There is a lot of discussion about artificial intelligence and machine learning, but should content marketers care? We define the differences and outline the impact for marketers today and in the near future. AI and machine learning are very real but not all that easy to apply effectively....for now.
Artificial Intelligence (AI), Machine Learning, and more recently, Cognitive Computing are getting more and more buzz. From new capabilities on our smartphones (Google Now and Siri) to new devices to talk to at home (Amazon Echo) to computers winning at Jeopardy (IBM Watson), apparently the era of computer intelligence and the end of humanity(Skynet!) is now upon us.
The buzz is about the massive potential these technologies have, but at the same time, the buzz can cause confusion and seriously overpromise on what can really be done with the technology right now. Marketing potential ranges from creating much more relevant personalized experiences for customers, to making better marketing investments in content creation and campaigns, and even ways to make the brand come to life (virtually) as a persona customers can actually interact with.

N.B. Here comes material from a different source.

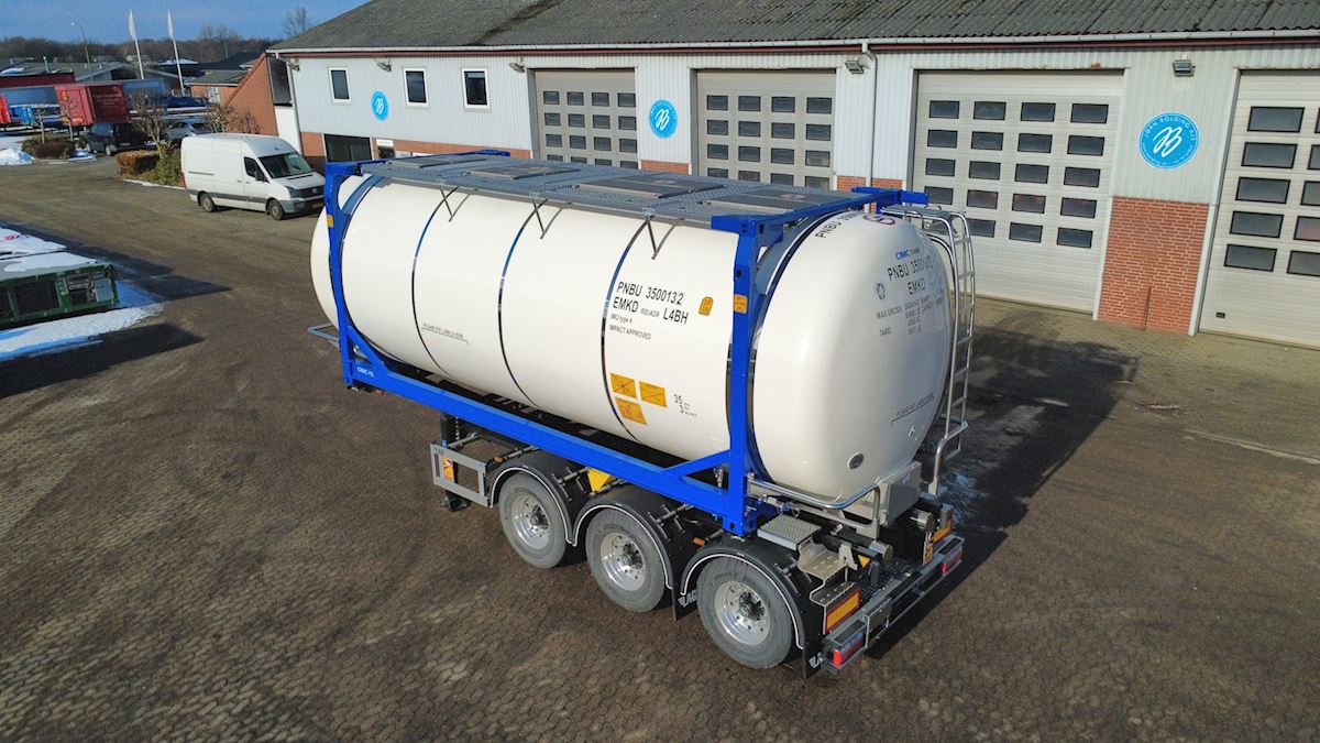 Typegodkendt: IMO type 4, RID/ADR-L4BN, UIC, TIR, CSC Længde: 7.820 mm Bredde: 2.550 mm Højde: 2.670 mm Stige Gangbro Gelænder CHASSIS SE REF. NO. 5972

Artificial intelligence needs application to be truly considered intelligent
Artificial intelligence is a general term for trying to enable computers to make decisions in context. Let’s admit it: right now, computers are crazy useful but pretty darn dumb. I mean, if you leave your computer for a day and come back, what did it accomplish? Maybe download some emails and a security patch? The promise of AI is that technology become easier to interact with; as the computer begins to gain context, it becomes less rigid in how it needs to be instructed and more intelligent in determining what is important—like making sense of those emails, perhaps automatically replying to some and gathering the data you need to reply to others
Learning is key to effective marketing and can be done by a machine
Machine learning is a general term for an approach for programming computers. Instead of telling the computer what to do and how to do it, we tell the computer what we are looking for and give it a bunch of example data so it can use trial-and-error and correlation to identify what we are looking for on its own, getting better over time. For example, if I want to find all the pictures of cats and dogs in my photo library, I would traditionally have to come up with a bunch of rules on how to identify cats and dogs in a photo, which is really hard and error prone, and would never get any better without more coding. With machine learning, instead of coming up with the rules, I just feed in a bunch of photos and mark a bunch of dogs and cats manually, and the computer will learn how to recognize them. For marketing this can be something like figuring out the right product mix to show a new customer, or determine which offer a customer is most likely to respond to. The computer uses a starting point to figuring out the rules on its own, and with a bit of human oversight to correct it where it goes astray, it gets better and better at it. Imagine how powerful this might be for marketers. We can suddenly detect and test things on scale that today would require a room full of interns
The advantages of the machine learning approach are that the accuracy improves with more data, and scaling to additional attributes is much easier. For example, if I want to start identifying elephants in my pictures, traditional approaches would send me back to the drawing board to create rules about how to define elephants. With machine learning, I just need to enter some training data (pictures of elephants), and the computer will learn how to identify them on its own. So it has a single brain that learns from the experience, a benefit that would be difficult to replicate when the experience is spread across many human brains.
IBM and other technology leaders are progressing in the use of these capabilities
Cognitive computing is an category of AI that aims to emulate the human thought process in a computer model (likely machine learning). IBM has been pushing the term “cognitive computing” in relation to its efforts around Watson, so it’s starting to feel a little bit like a branded term more than the specific area of computer research. Marketers are using IBM services to understand personality traits about customers based on limited customer input to make more effective content choices.
We are just at the beginning and advancing rapidly
Technology has been rapidly progressing. Real commercial applications are emerging, and the barriers to using machine learning are breaking down. Industry giants like Google, IBM, Microsoft and Amazon are giving the world access to infrastructure designed to run machine learning. That said, it’s still a very complex process to setup and manage. At this point, don't expect to be able to implement machine learning without a fair bit of programming and technical perseverance.
There are machine learning models already trained and ready to use which can be very helpful to marketers, such as offerings around tone and personality identification from IBM Watson, Natural Language Processing from Google and image identification from Microsoft. These offerings make things much simpler to jump into but still require programming skills to utilize and are very clear in their purpose—which often requires some vision on how to derive business value, and to integrate it into a bigger customer experience.
It works but its not easy
Because of this complexity and the amount of work required to tap into the technologies, there's a lot of disappointment brewing for those that would love to take advantage of their power. Results are not out of reach but do take significant effort to achieve. The complexity will come down in time, and there are the packaged service offerings to make it easier, as well as companies leveraging these technologies to provide value in specific problem domains.
From a marketer’s perspective: there are a lot of solutions out there using machine learning today. Of course, 8-Point Arc uses it for a range of things from identifying emotional tone and content topics to getting image descriptions. IBM's Think Marketing campaign leverages Watson to match content selection with the user's location and behavior to drive relevance, and TD Bank is trying to leverage AI to help understand you as a person, using that context to provide information on financial investing relevant to your knowledge and risk tolerance.